MHA high availability configuration and failover

Problems in traditional MySQL master-slave architecture

Single point failure

  • The main server is down, resulting in the failure of data writing

MHA

MHA overview

  • A set of excellent high availability software for failover and master-slave promotion in mysql high availability environment

Composition of MHA

  • MHA Manager (management node)
  • MHA Node

MHA characteristics

  • In the process of automatic switching, MHA tries to save binary logs from the down master server to ensure the data is not lost to the greatest extent
  • Using MySQL version 5.5 synchronous replication can greatly reduce the risk of data loss

MHA working process

  • Save binary log events from the down mysql master server
  • Identify the slave server with the latest updates
  • Apply differential relay log to other slave servers
  • Binary log events applied to the master server
  • Promote the standby primary server set in the slave server to the primary server
  • Connect other slave servers to new master servers for replication

Case implementation

1. Experimental environment

host name IP address
MHA-manager 192.168.150.181
Master (master server) 192.168.150.240
slave1 (slave) 192.168.150.158
Slave 2 (slave server) 192.168.150.244
Client (test) 192.168.150.243

2. Build three MySQL servers (mysql-5.6 is used in this experiment)
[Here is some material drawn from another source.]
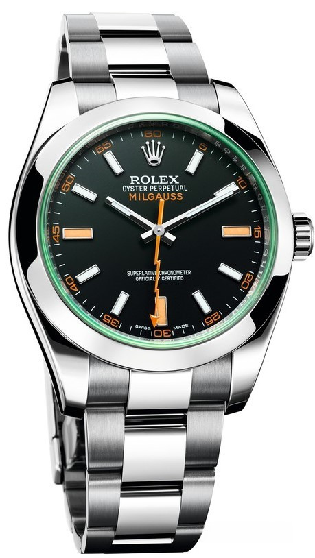 Водостойкие часы Rolex Milgauss Milgauss 40mm Steel 116400GV являются официально сертифицированным хронометром COSC выпущены в круглом корпусе из нержавеющей стали. Размер составляет 40 х 14 мм, водонепроницаемость 100 м с корпусом защиты от магнитного поля до 1000 гауссов с зеленым сапфировым стеклом. Внутри корпуса установлен автоматический механизм, Калибр 3131, обеспечивающий запас хода 42 часа. На черном циферблате отображаются часы, минуты, секунды. Часы комплектуются браслетом из нержавеющей стали.

  • Create two soft connections on mysql server after building
[root@manager ~]# ln -s /usr/local/mysql/bin/mysql /usr/sbin/
[root@manager ~]# ln -s /usr/local/mysql/bin/mysqlbinlog /usr/sbin/

3. Build mysql master-slave replication environment
(1) Modify master server master profile

[root@master ~]# vim /etc/my.cnf
#Add the following directly
server-id = 1
log_bin = master-bin
log-slave-updates = true

#Restart service
[root@master ~]# service mysqld restart
Shutting down MySQL.. SUCCESS! 
Starting MySQL. SUCCESS!

(2) Modify the master configuration file of the slave server

  • Change slave1
[root@slave1 ~]# vim /etc/my.cnf
#Add the following directly
server-id = 2
log_bin = master-bin
relay-log = relay-log-bin
relay-log-index = slave-relay-bin.index

#Restart service
[root@slave1 ~]# service mysqld restart
Shutting down MySQL.. SUCCESS! 
Starting MySQL. SUCCESS!
  • Change slave2
[root@slave2 ~]# vim /etc/my.cnf
#Add the following directly
server-id = 3
log_bin = master-bin
relay-log = relay-log-bin
relay-log-index = slave-relay-bin.index

#Restart service
[root@slave2 ~]# service mysqld restart
Shutting down MySQL.. SUCCESS! 
Starting MySQL. SUCCESS!

(3) Create master slave sync user myslave

mysql> grant replication slave on *.* to 'myslave'@'192.168.150.%' identified by '123';
Query OK, 0 rows affected (0.00 sec)

(4) Additional adjustments

  • All database authorized mha users to operate on the database
mysql> grant all privileges on *.* to 'mha'@'192.168.150.%' identified by 'manager';
Query OK, 0 rows affected (0.00 sec)

mysql> grant all privileges on *.* to 'mha'@'master' identified by 'manager';
Query OK, 0 rows affected (0.00 sec)

mysql> grant all privileges on *.* to 'mha'@'slave1' identified by 'manager';
Query OK, 0 rows affected (0.00 sec)

mysql> grant all privileges on *.* to 'mha'@'slave2' identified by 'manager';
Query OK, 0 rows affected (0.00 sec)
#Refresh database
mysql> flush privileges;
Query OK, 0 rows affected (0.00 sec)

(5) View as forbidden file and synchronization point on mysql master server
(6) Synchronize from server

mysql> change master to master_host='192.168.150.240',master_user='myslave',master_password='123',master_log_file='master-bin.000002',master_log_pos=12215;
Query OK, 0 rows affected, 2 warnings (0.00 sec)

mysql> start slave;
Query OK, 0 rows affected (0.01 sec)

mysql> show slave status\G;
···Omit part of the content
             Slave_IO_Running: Yes		//If this is slave IO running: connecting, check whether the firewall of the main server is closed
            Slave_SQL_Running: Yes
···Omit part of the content

(7) Set two slave servers to read-only mode

mysql> set global read_only=1;
Query OK, 0 rows affected (0.00 sec)

4. Install Node components (all servers, version 0.57)
(1) Installation basic environment

[root@master ~]# yum install epel-release --nogpgcheck -y
[root@master ~]# yum install -y perl-DBD-MySQL \
> perl-Config-Tiny \
> perl-Log-Dispatch \
> perl-Parallel-ForkManager \
> perl-ExtUtils-CBuilder \
> perl-ExtUtils-MakeMaker \
> perl-CPAN

(2) Install Node components

[root@master ~]# tar zxvf /abc/mha/mha4mysql-node-0.57.tar.gz
[root@master ~]# cd mha4mysql-node-0.57/
[root@master mha4mysql-node-0.57]# perl Makefile.PL
[root@master mha4mysql-node-0.57]# make
[root@master mha4mysql-node-0.57]# make install

After node is installed, several script tools are generated under / usr/local/bin /. (these tools are usually triggered by MHA Manager script without human operation)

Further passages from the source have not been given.